On Mar 29, 2016, at 4:08 PM, Quinn The Eskimo! <email@hidden> wrote:
I'm not clear on why you'd want local services resolved to internet routable IPv4 or IPv6 addresses.
In the IPv4 case there's a clear need for this. Keep in mind that our systems don't, in general, generate an IPv4 link-local address unless the interface can't assign an IPv4 address any other way.

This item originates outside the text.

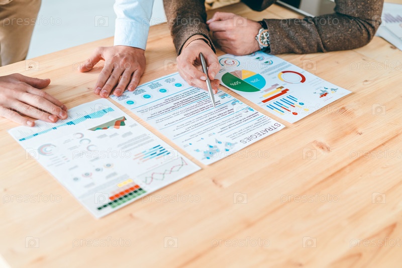 Молодой экономист указывает на финансовую информацию, обсуждая стратегии

For Bonjour to guarantee that "local." services only advertised link-local IPv4 addresses, the system would have to /always/ generate an IPv4 link-local address, which is not a good idea.And you can't resolve this by special casing IPv4 private addresses (10/8, 192/16, 172/24) because not every one uses NAT.
It would, however, be very useful to be able to exclude interfaces from being advertised by Bonjour — or to have Bonjour advertise appropriate addresses on multi-homed machines.

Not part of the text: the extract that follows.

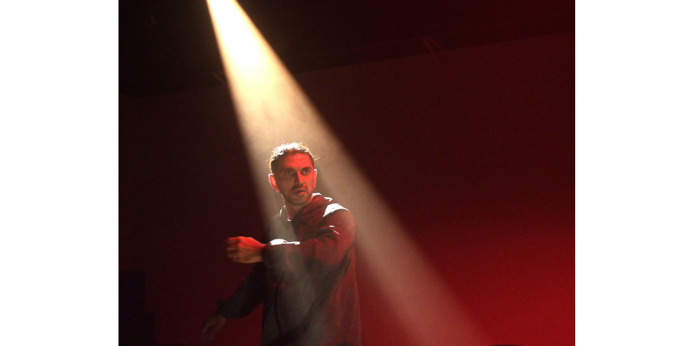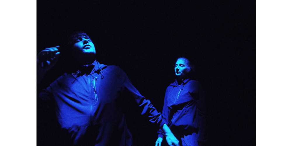 Ludger Lamers, Daniela Graça Schankula, João Santiago und Irfan Taufik bewegen sich verblüffend trittsicher durch das nächtliche Schwarz. Immer wieder tragen sie kleine Lautsprecher/Laternen vor sich her. Ihre Kleidung ist laut Programmzettel mit Sensoren und Mikrofonen bestückt. Die Interpreten der zwar lichtarmen, aber nicht farblosen Darbietung fungieren damit zugleich wie mobile Soundträger. Hie und da lassen sie kurz eine der Taschenlampen aufblitzen. Dann tauchen die Tänzer*innen wieder ab und zeigen sich an anderer Stelle erneut. Fast in der Mitte findet sich ein Paar für eine längere Sequenz zusammen: einIn-der-Umarmung-Verharren. Anderswo rollen drei Körper im Knäuel über den Boden. Verpackt in ihre schwarzen Anoraks mit Kapuzen und wintertauglich-dicken Hosen verklumpen ihre Körper im Schummerlicht wie Felsformationen in einer Landschaft.

Specifically, I have a small block (/29) of IP addresses from Comcast who also forces me to rent their crappy SMC “business gateway” which can’t do QoS or NAT loopback.
I have 3 logical networks (implemented as VLANs on GigE):
1) WAN (public IP addresses) 2) Private (my office network) 3) Public (guest WiFi, shared printers, etc.)
I have a AirPort extreme generating NAT for the public network and a Time Machine generating NAT for my office network.
My server is multi-homed on all 3.
The problem is that it advertises addresses via Bonjour that may not be reachable from the network it is advertised on — i.e. office address on public WiFi.
Also, because the Comcast gateway doesn’t support NAT loopback, my public (static) server addresses aren’t accessible to anything NAT’ed behind it.
This could all be solved if I could configure Bonjour to only advertise the IP of the interface it’s multicasting on — or if Apple implemented source-aware routing on multi-homed machines.
Cheers,
-Steve
P.S. For anyone with a similar network, a Ubiquiti EdgeRouter-3 Lite is a well-spent $100.